[Opening Dataset section]
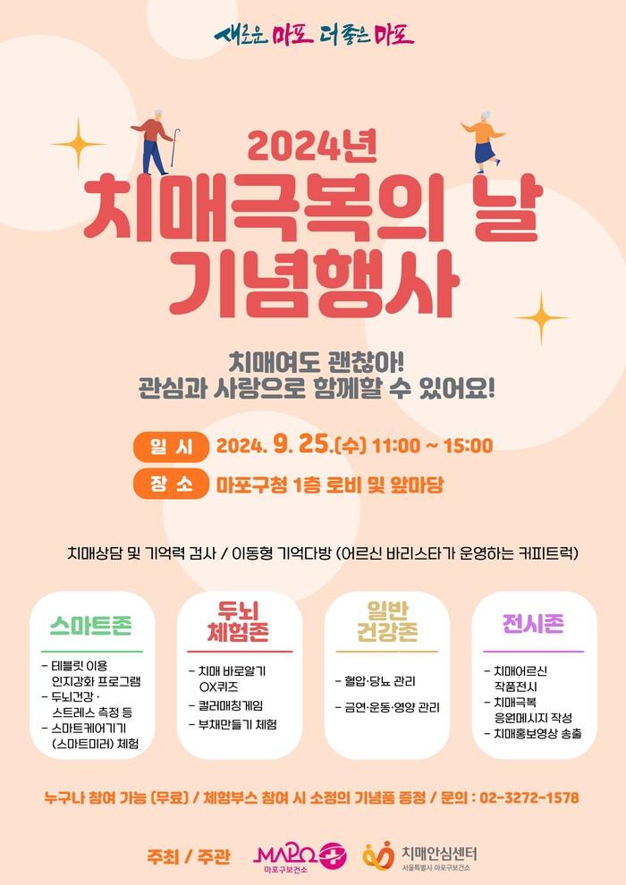 이번 행사는 지역 주민 누구나 무료로 참여할 수 있으며, 자세한 사항은 마포구치매안심센터로 문의하면 안내 받을 수 있다.
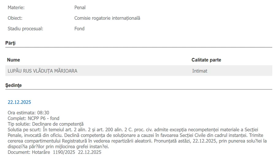 Prin urmare, instanța a decis declinarea competenței, iar dosarul va fi trimis către Secția Civilă a aceleiași instanțe, care va analiza dacă și în ce condiții pot fi comunicate documentele solicitate de statul sârb.
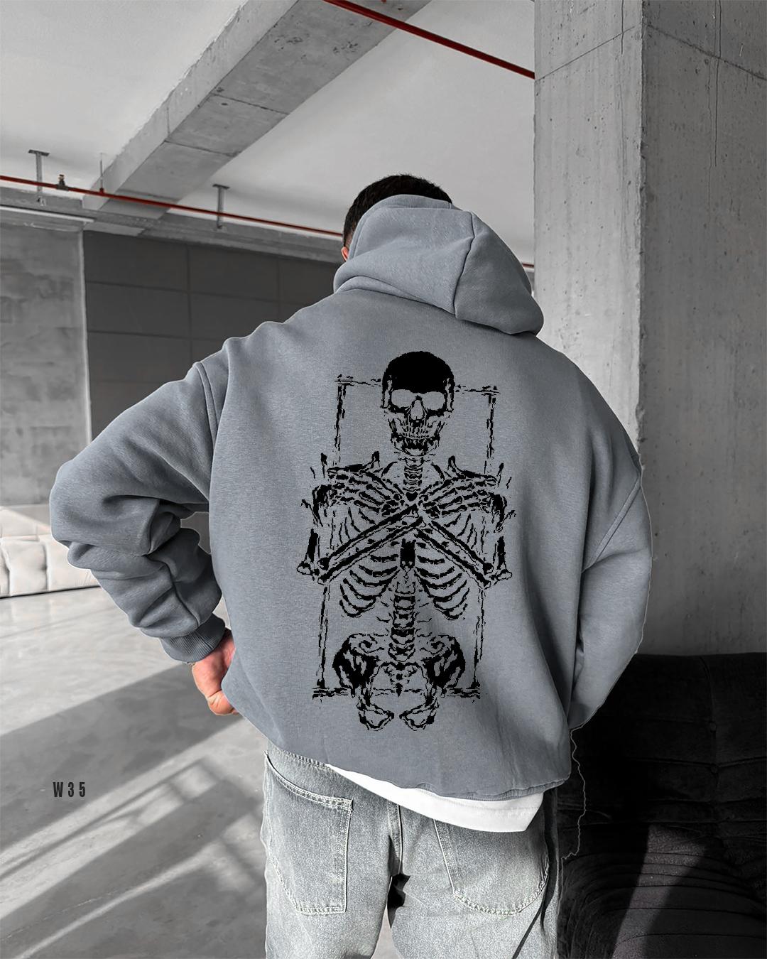 Мужское Серое Худи Свободного Кроя с Принтом Скелет – Трехнитка на Флисе
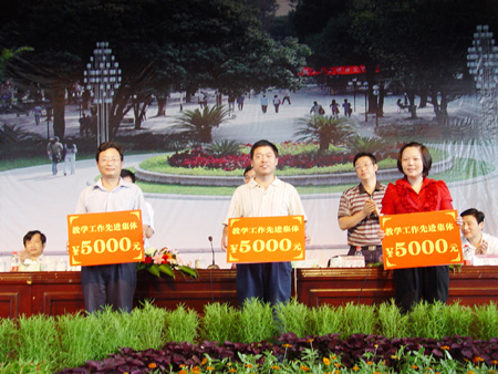 7月2日下午,学校2010年教学科研工作大会在体育馆三楼礼堂隆重召开。学校党委书记赵艳林,校长张学洪,党委副书记、纪委书记赵君,党委副书记王赣华,副校长陈学军、吴志强、周国清出席会议,全校教职工参加了会议。大会由赵君副书记主持。 会上,吴志强副校长作了2010年教学工作报告。报告总结回顾了Beat365官网2009年教学工作取得的成绩:“质量工程”建设成效突出,项目取得新突破,教学工作扎实推进,教学质量监控与管理进一步强化。2009年水污染控制工程教学团队荣获国家级教学团队,Beat365官网国家级教学团队总数增至为2个。《管理学》双语教学课程获评为国家级双语教学示范课程,实现了Beat365官网国家级双语教学示范课程零的突破。2009年勘查技术与工程专业荣获国家级特色专业建设点。至此,Beat365官网已拥有资源勘查工程、旅游管理、化学工程与工艺、勘查技术与工程4个国家级特色专业建设点。获得自治区级精品课程5门,Beat365官网拥有自治区级本科精品课程共计22门。“资源勘查工程应用型人才培养模式创新实验区”成为国家级人才培养模式创新实验区。在各种大学生课外科技活动竞赛中,获得全国二等奖3个和广西赛区特等奖6个、广西赛区一等奖24个、二等奖52个、三等奖29个的优秀成绩。吴志强副校长还在报告中指出了2010年Beat365官网教学工作的指导思想和工作重点。 周国清副校长在报告中指出,学校2009年深入贯彻落实科学发展观及党和国家的科技方针政策,围绕学校改革发展大局,积极开展各项科技工作,取得了可喜成绩:科研总量较快增长,科研水平不断提高,科技成果成绩明显、科技创新不断增强,科研平台取得新突破,科技服务进一步加大,科技交流氛围浓厚,科技管理不断提升。2009年Beat365官网科技经费达到6300万元,其中,纵向科研经费达到2635万元,同比增长75%,新增国家级科研项目自然科学类18项,省部级科研项目39项。新增国家社会科学基金项目4项,实现了Beat365官网获得国家社科项目历史新突破。获得广西科技进步奖8项。其中,二等奖3项,三等奖5项,获桂林市科技进步三等奖1项。全年申请专利82项授权34项专利申请量同比增长64%,位居全区第二名。同时报告还指出了Beat365官网目前科研工作中存在的一些问题,并对今后科研工作进行了部署。 王赣华副书记宣读了《关于表彰2009年获得国家级、自治区级教学工作成果奖励的集体与个人的决定》、《关于表彰2009年科技工作先进集体的决定》,在主席台就座的领导为2010年度教学、科技工作先进集体、先进个人进行了颁奖。教学先进个人代表李隽波老师,科技先进集体代表冯佐海教授分别作了发言。 张学洪校长就加强教学科研建设提出了指导性意见。他指出推进教学工作首先要加强“质量工程”项目建设。要科学规划,并结合实际积极创造条件,提高我们申报的竞争力,争取更多的国家级和自治区级“质量工程”项目。对已取得的工程项目,要加强督促检查,认真推进项目建设,并努力使项目的建设成果最终落实到提高学生的综合素质上来。其次是要扎扎实实提高教学质量。广大老师要爱岗敬业,高度负责;勤于学习,提高水平。要培养学生学习的兴趣,加强学风建设;要抓好教学管理和监控,完善体制机制,强化教学管理。关于科研建设,张学洪校长要求:一要特别重视高级别项目,形成团体协作的工作思路,抓好高级别大项目的组织和协调。二要积极调整引导性政策,抓国家级奖项的申报和抓论文质量的提升。三要融合学校团队建设、平台建设抓好领军人才的培养。四要结合国家重点实验室培育基地的建设、教育部和广西重点实验室、工程中心的培育和即将开始的新一轮区重点实验室申报抓好科研平台的培育和建设。五要提高学术道德,推进科技成果的转化,提高服务社会水平。张学洪校长最后强调,建设高水平理工大学是学校发展的战略选择,推进学校教学、科研建设,提高学校的办学质量和办学水平,是实现高水平理工大学建设的主要内容,大家要共同努力,为Beat365官网的建设发展做好自已的本职工作,贡献我们应有的力量。 会上,吴志强副校长和周国清副校长还分别与各学院院长(或行政负责人)签订了教学、科研目标任务书。 本次大会的胜利召开,将对推动Beat365官网教学科研建设迈上新台阶起到重要的促进作用。
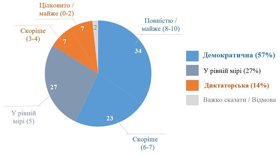 Большинство опрошенных украинцев — 57% — считают, что Украина скорее или полностью является демократичной. В то же время 14% ответили, что Украина — диктаторская.
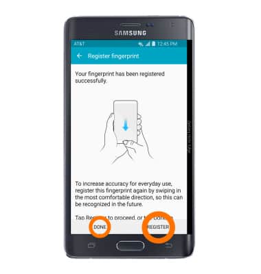 - Tap REGISTER to register this fingerprint again by swiping in the most comfortable direction. Tap DONE to skip this step.
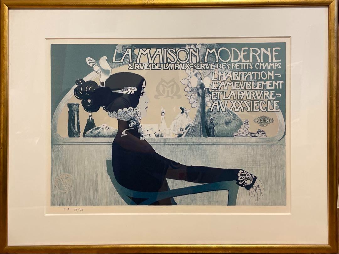 Manuel Orazi "La Maison Moderne" Blue Lady 1989 Lithograph Ea 15/15 Art Nouveau
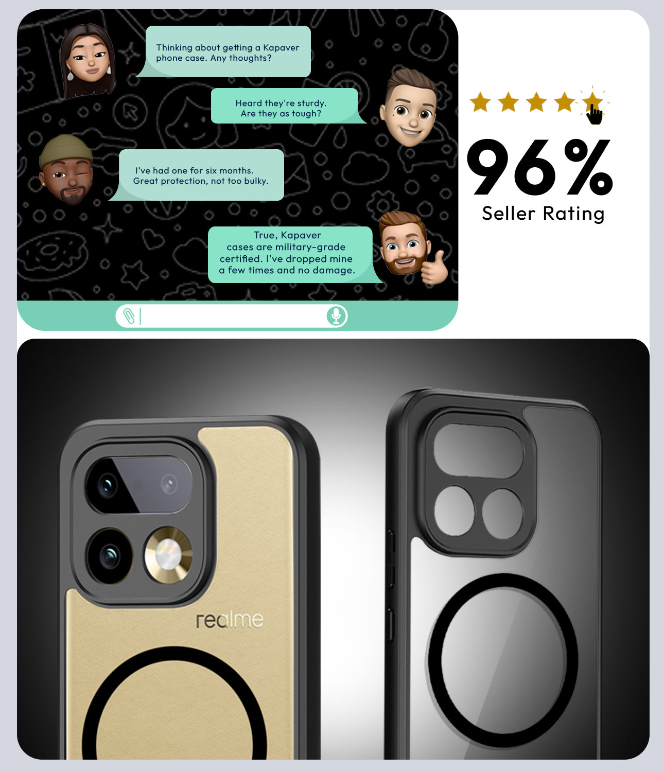 - Military-Grade Protection: The Kapaver Case is built to withstand even the toughest drops and impacts. It meets military drop-test standards (MIL-STD 810G 516.6) to ensure that your device stays protected from accidental falls and shocks.
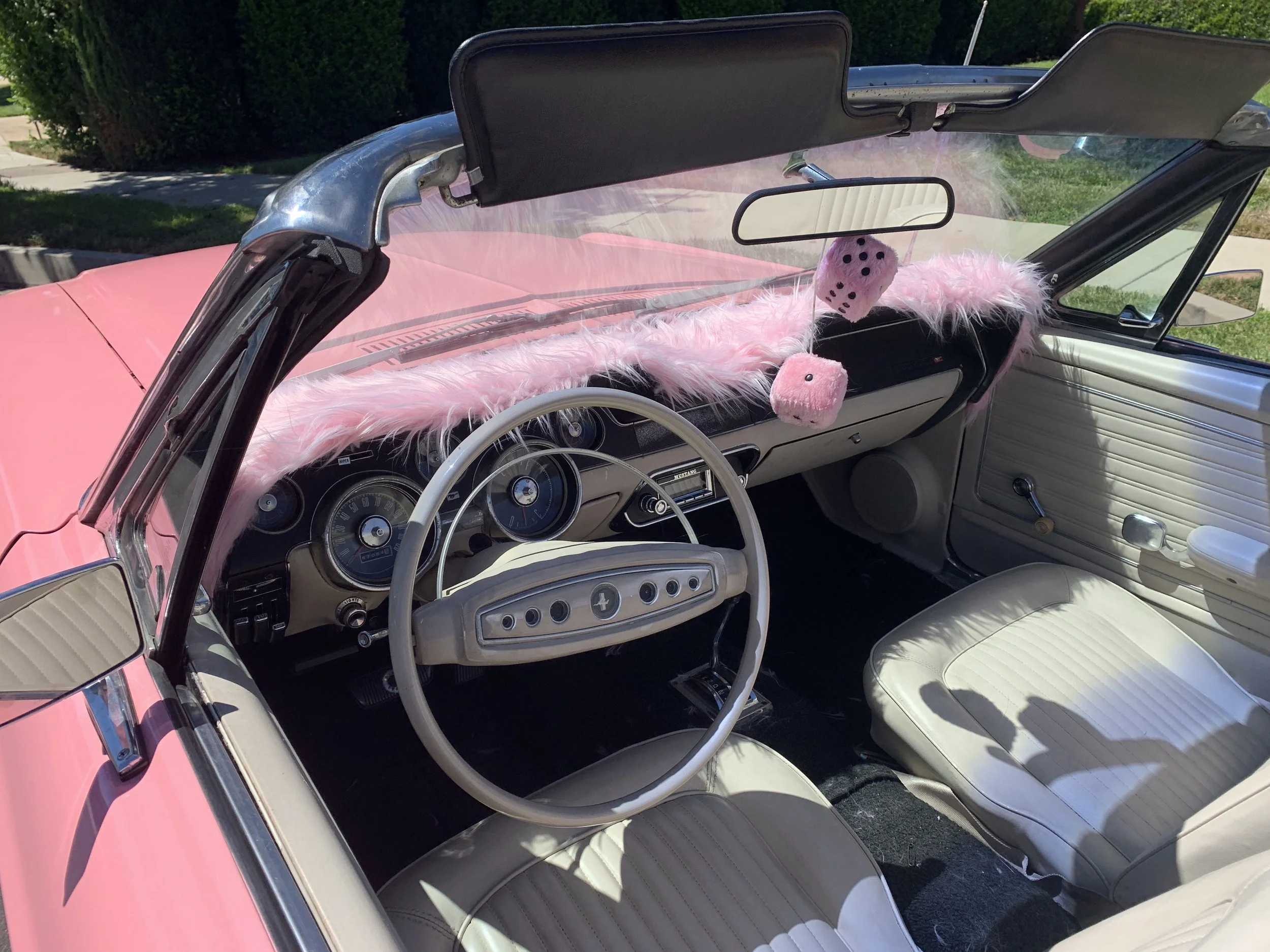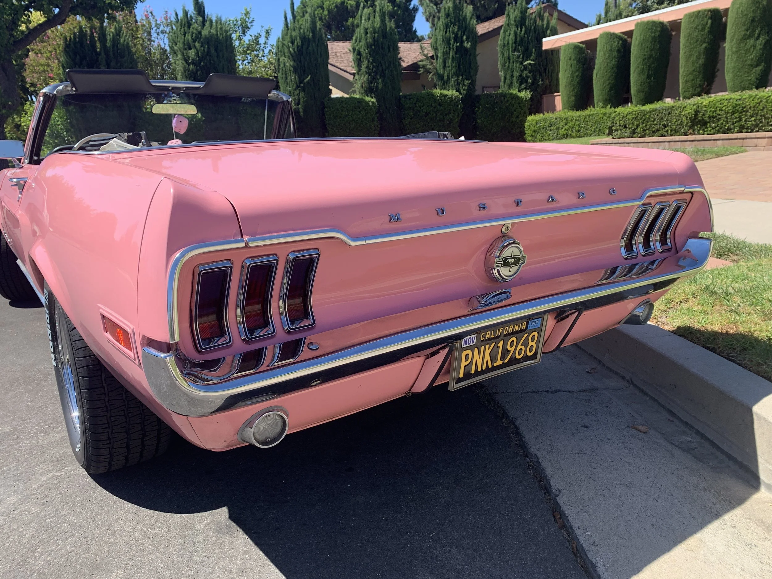 The house also has a 1968 pink convertible Mustang available for rent. The garage has two motorcycles. One 2014 Triumph Bonneville and one 1977 Harley Ironhead Chopper. Please inquire for hourly rates.
[Closing Dataset section]
[What the task asks] After locating the line containing "Большинство опрошенных украинцев" in the entries above, return it and every line after it exactly, ending at the line containing "15/15 Art Nouveau", without pictures.

[Written solution]
 Большинство опрошенных украинцев — 57% — считают, что Украина скорее или полностью является демократичной. В то же время 14% ответили, что Украина — диктаторская.
 - Tap REGISTER to register this fingerprint again by swiping in the most comfortable direction. Tap DONE to skip this step.
 Manuel Orazi "La Maison Moderne" Blue Lady 1989 Lithograph Ea 15/15 Art Nouveau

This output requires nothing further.